Last I heard around here was 6 inches of snow with an inch + of ice. If that's really the case, it's gonna be a disaster around here. :-( I can handle as much snow they can throw at me, but ice is just not fun for anyone.


----------



## hammer (Dec 15, 2007)

Now I'm really kicking myself for not getting out yesterday...:-(

Guess we'll have to see how far north the sleet/ice gets.


----------



## billski (Dec 15, 2007)

*here kitty, kitty....*



wa-loaf said:


> Last I heard around here was 6 inches of snow with an inch + of ice. If that's really the case, it's gonna be a disaster around here. :-( I can handle as much snow they can throw at me, but ice is just not fun for anyone.



If you told me it was ice ontop of hardpack, I'd have issues.  However, if it's ice on top of the new snow, different issue, also vice-versa.

If ice cream shops can have mix-ins, so can we.  The sno-kittys should be able to make short order of it.  Do you wan M&M's or Reeese's pieces?:razz:  It may mess up the woods skiing however.

I usually decide where to go after a rain event based on how the resort deals with it slopeside.


----------



## billski (Dec 15, 2007)

hammer said:


> Now I'm really kicking myself for not getting out yesterday...:-(
> 
> Guess we'll have to see how far north the sleet/ice gets.



I am issuing you a hall pass.  You may be excused.  Now git!


----------



## ajl50 (Dec 15, 2007)

billski said:


> I was just reading Scott's (powderfreak) missives from Friday, he is resigned to that as well.  We can only hope the higher altitudes miss most of it.  It's not looking good for mid to southern New England/NY.
> 
> On a related note, Scott is prognosticating that we ARE going to have a substantial warm up that will last a significant number of weeks.uke:
> All the more reason to get out NOW!



 Where is the powderfreak report from friday?


----------



## billski (Dec 15, 2007)

*scott*



ajl50 said:


> Where is the powderfreak report from friday?

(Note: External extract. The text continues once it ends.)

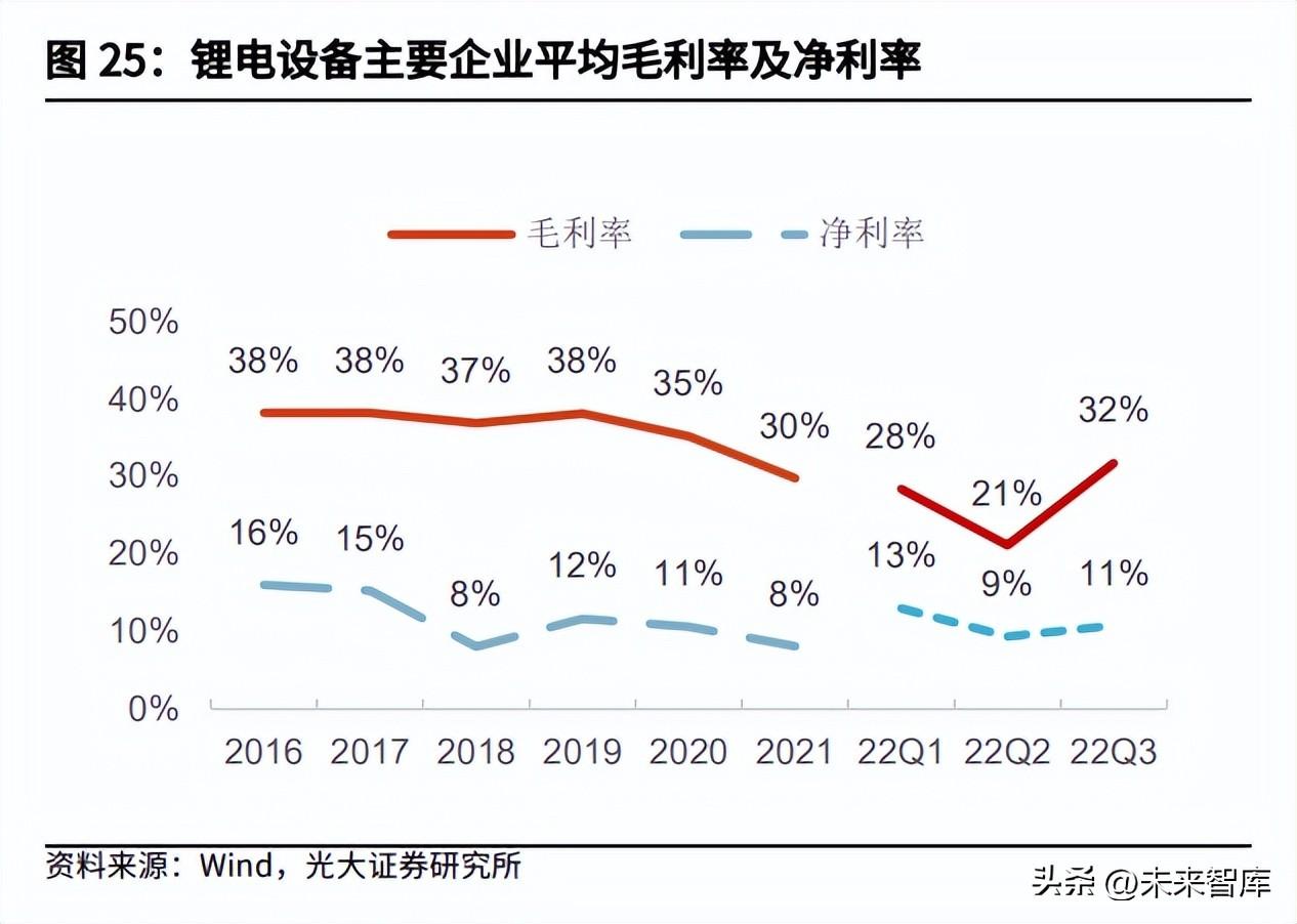 盈利能力改善明显,期间费率降幅显著。下游扩产持续,锂电设备公司自身产能 建设进展顺利,在手订单逐步转化为收入确认,营收规模大增,拉动整体毛利率、 净利率水平的提高。2022 年第三季度,本次统计的 11 家锂电设备公司平均毛利 率水平大幅跃升至 31.7%,平均归母净利率水平为 10.83%,环比改善 1.44pct。平均期间费用率大幅下降,2022 年第一季度为 26.81%,2022 年前三季度为 21.22%。

Scott was a wee bit sick.  I noticed his WCVB report was dated Thursday.   You can pick up his later thoughts, anyways here
http://list.uvm.edu/cgi-bin/wa?A1=ind0712B&L=SKIVT-L
do a ctl+F and search for "braa"


----------



## ajl50 (Dec 15, 2007)

billski said:


> Scott was a wee bit sick.  I noticed his WCVB report was dated Thursday.   You can pick up his later thoughts, anyways here
> http://list.uvm.edu/cgi-bin/wa?A1=ind0712B&L=SKIVT-L
> do a ctl+F and search for "braa"




Thanks!

My general take is that the highest snow total will be 10 inches. 
I see lots of sleet mixing in. 
Not that this is a terrible thing for early in the season. Sure two feet would be sweet but with all the blowing and driting most of that would end up in huge piles off trail. At least with a solid layer of heavy sleet we're getting a major base built up.  This early in the sason that can't be underestimated!


----------



## billski (Dec 15, 2007)

ajl50 said:


> Thanks!
> 
> My general take is that the highest snow total will be 10 inches.
> I see lots of sleet mixing in.
> Not that this is a terrible thing for early in the season. Sure two feet would be sweet but with all the blowing and driting most of that would end up in huge piles off trail. At least with a solid layer of heavy sleet we're getting a major base built up. This early in the sason that can't be underestimated!


 
agreed. I'm getting a bit spoiled. Compared with where we were last season, we're in heaven. It's just a shame to get sent back to purgagory after seeing the pearly gates :razz:


----------



## GrilledSteezeSandwich (Dec 15, 2007)

When I wake up tomorrow morning if it's freezing rain and sleet..I'm going back to bed..we got screwed the other day..1 inch of snow and an inch of ice at Blue mountain and Sno up in Scranton received 8 inches.


----------



## ajl50 (Dec 15, 2007)

Well don't even set the alam. Pa is all snow (little) then frozen crap (lots) and rain (some) so don't even bother. Just hunker down and watch the pats and eagles play. 
With the upper level warm air screaming at 35-40 knts up from the carolina's this morning I wouldn't even bet on the catskills getting much more than a nasty nasty does of sleet.


----------



## GrilledSteezeSandwich (Dec 15, 2007)

ajl50 said:


> Well don't even set the alam. Pa is all snow (little) then frozen crap (lots) and rain (some) so don't even bother. Just hunker down and watch the pats and eagles play.
> With the upper level warm air screaming at 35-40 knts up from the carolina's this morning I wouldn't even bet on the catskills getting much more than a nasty nasty does of sleet.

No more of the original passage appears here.